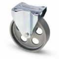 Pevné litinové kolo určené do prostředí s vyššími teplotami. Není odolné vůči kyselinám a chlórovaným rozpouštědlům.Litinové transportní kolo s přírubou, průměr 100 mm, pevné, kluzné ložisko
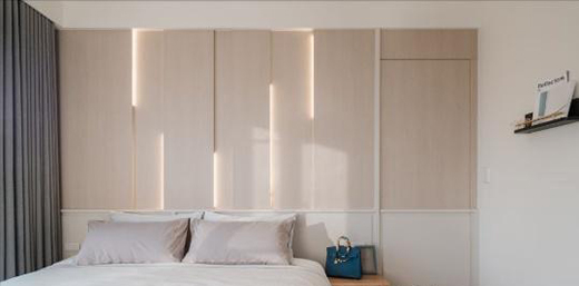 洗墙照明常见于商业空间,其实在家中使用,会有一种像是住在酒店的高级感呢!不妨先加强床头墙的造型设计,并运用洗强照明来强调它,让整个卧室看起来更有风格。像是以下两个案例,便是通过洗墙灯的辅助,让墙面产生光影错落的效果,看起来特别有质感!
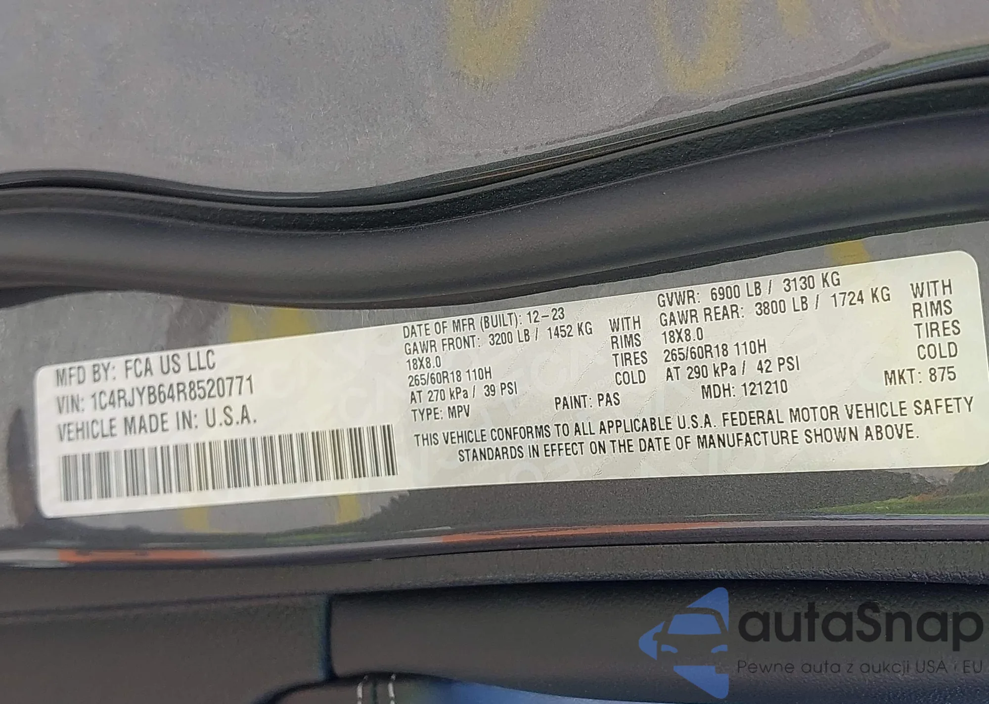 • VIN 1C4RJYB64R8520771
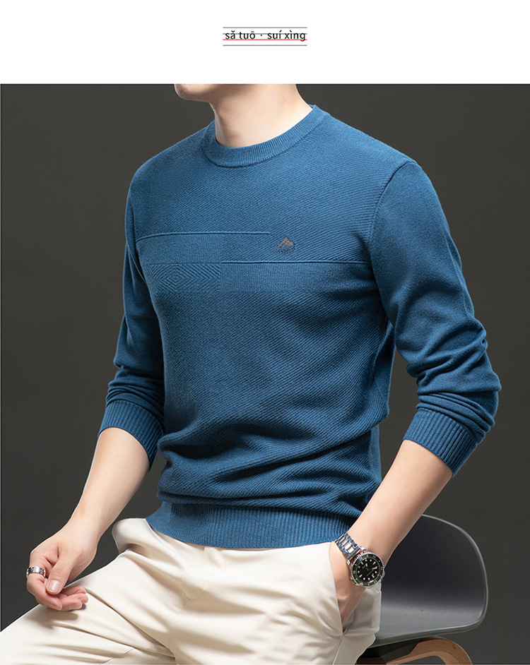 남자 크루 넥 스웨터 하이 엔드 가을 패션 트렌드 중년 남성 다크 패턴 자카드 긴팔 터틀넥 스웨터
==
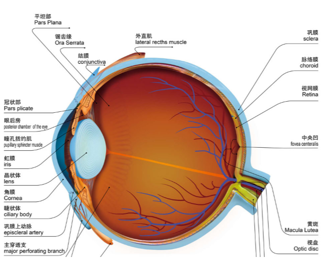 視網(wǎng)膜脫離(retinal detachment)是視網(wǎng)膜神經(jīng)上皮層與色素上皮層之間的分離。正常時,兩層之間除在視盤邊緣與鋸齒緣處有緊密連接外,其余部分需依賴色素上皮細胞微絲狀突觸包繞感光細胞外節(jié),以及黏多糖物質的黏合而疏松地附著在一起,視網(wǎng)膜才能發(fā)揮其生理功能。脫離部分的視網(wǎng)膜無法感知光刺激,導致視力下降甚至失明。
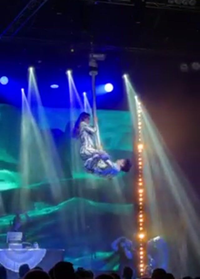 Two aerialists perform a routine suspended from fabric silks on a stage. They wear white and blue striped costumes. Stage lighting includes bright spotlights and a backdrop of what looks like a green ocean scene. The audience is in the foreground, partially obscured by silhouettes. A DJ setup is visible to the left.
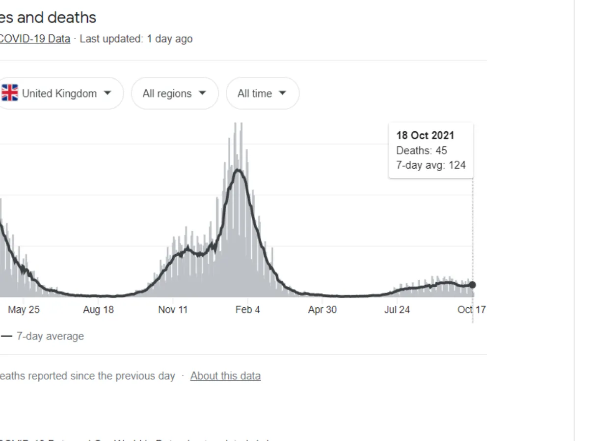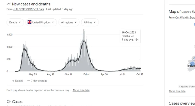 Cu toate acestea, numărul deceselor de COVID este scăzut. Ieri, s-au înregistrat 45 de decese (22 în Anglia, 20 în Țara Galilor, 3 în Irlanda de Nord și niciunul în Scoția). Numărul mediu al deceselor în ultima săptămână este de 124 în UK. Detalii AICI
==
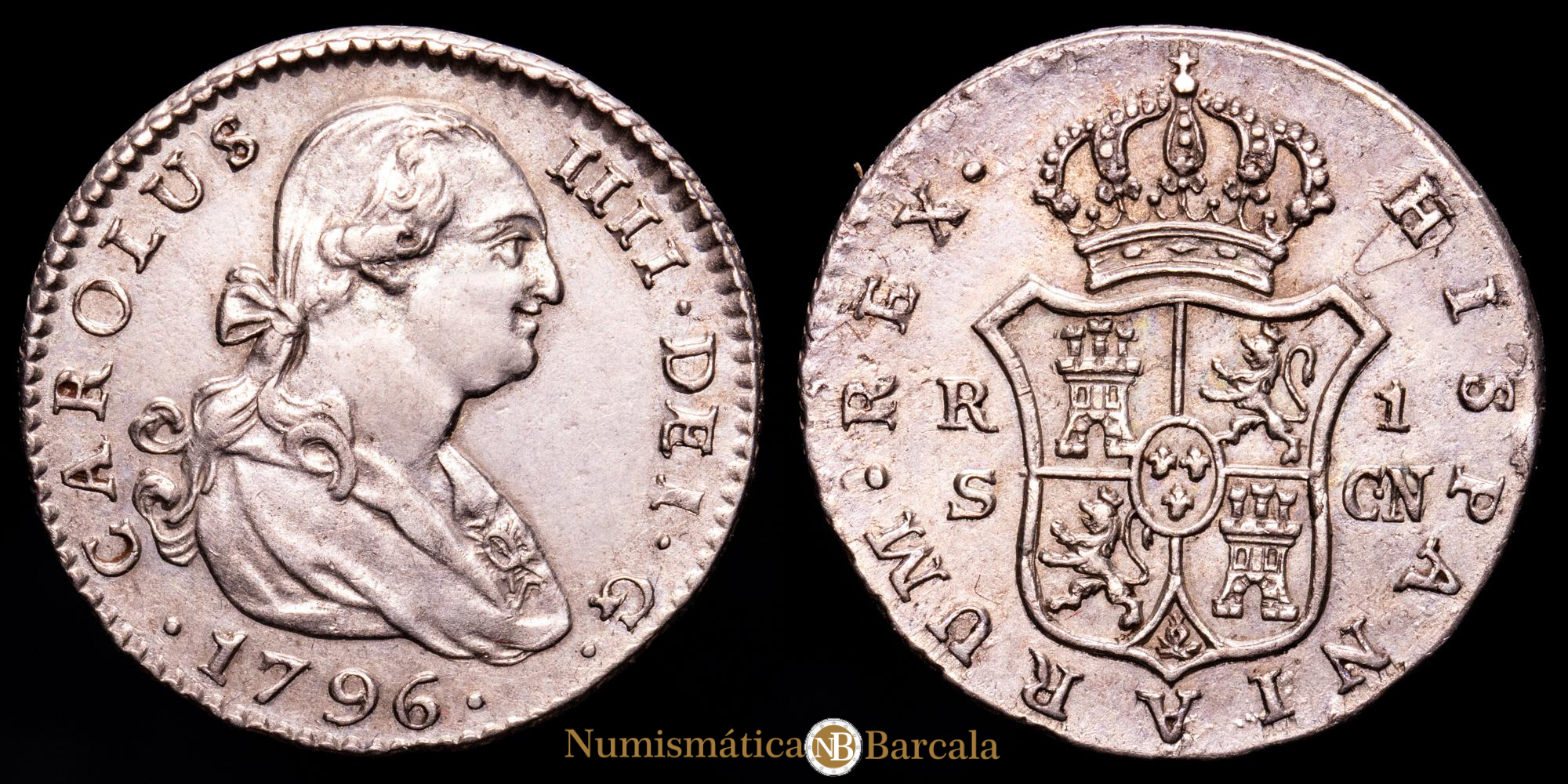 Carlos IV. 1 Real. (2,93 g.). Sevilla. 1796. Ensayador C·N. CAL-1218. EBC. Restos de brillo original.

| What you are asked to do |
In the records above, find the line with "Two aerialists perform" and the line with "Cu toate acestea, numărul", then restate word for word only those two lines and all lines between, omitting pictures.

| Task solution |
 Two aerialists perform a routine suspended from fabric silks on a stage. They wear white and blue striped costumes. Stage lighting includes bright spotlights and a backdrop of what looks like a green ocean scene. The audience is in the foreground, partially obscured by silhouettes. A DJ setup is visible to the left.
 Cu toate acestea, numărul deceselor de COVID este scăzut. Ieri, s-au înregistrat 45 de decese (22 în Anglia, 20 în Țara Galilor, 3 în Irlanda de Nord și niciunul în Scoția). Numărul mediu al deceselor în ultima săptămână este de 124 în UK. Detalii AICI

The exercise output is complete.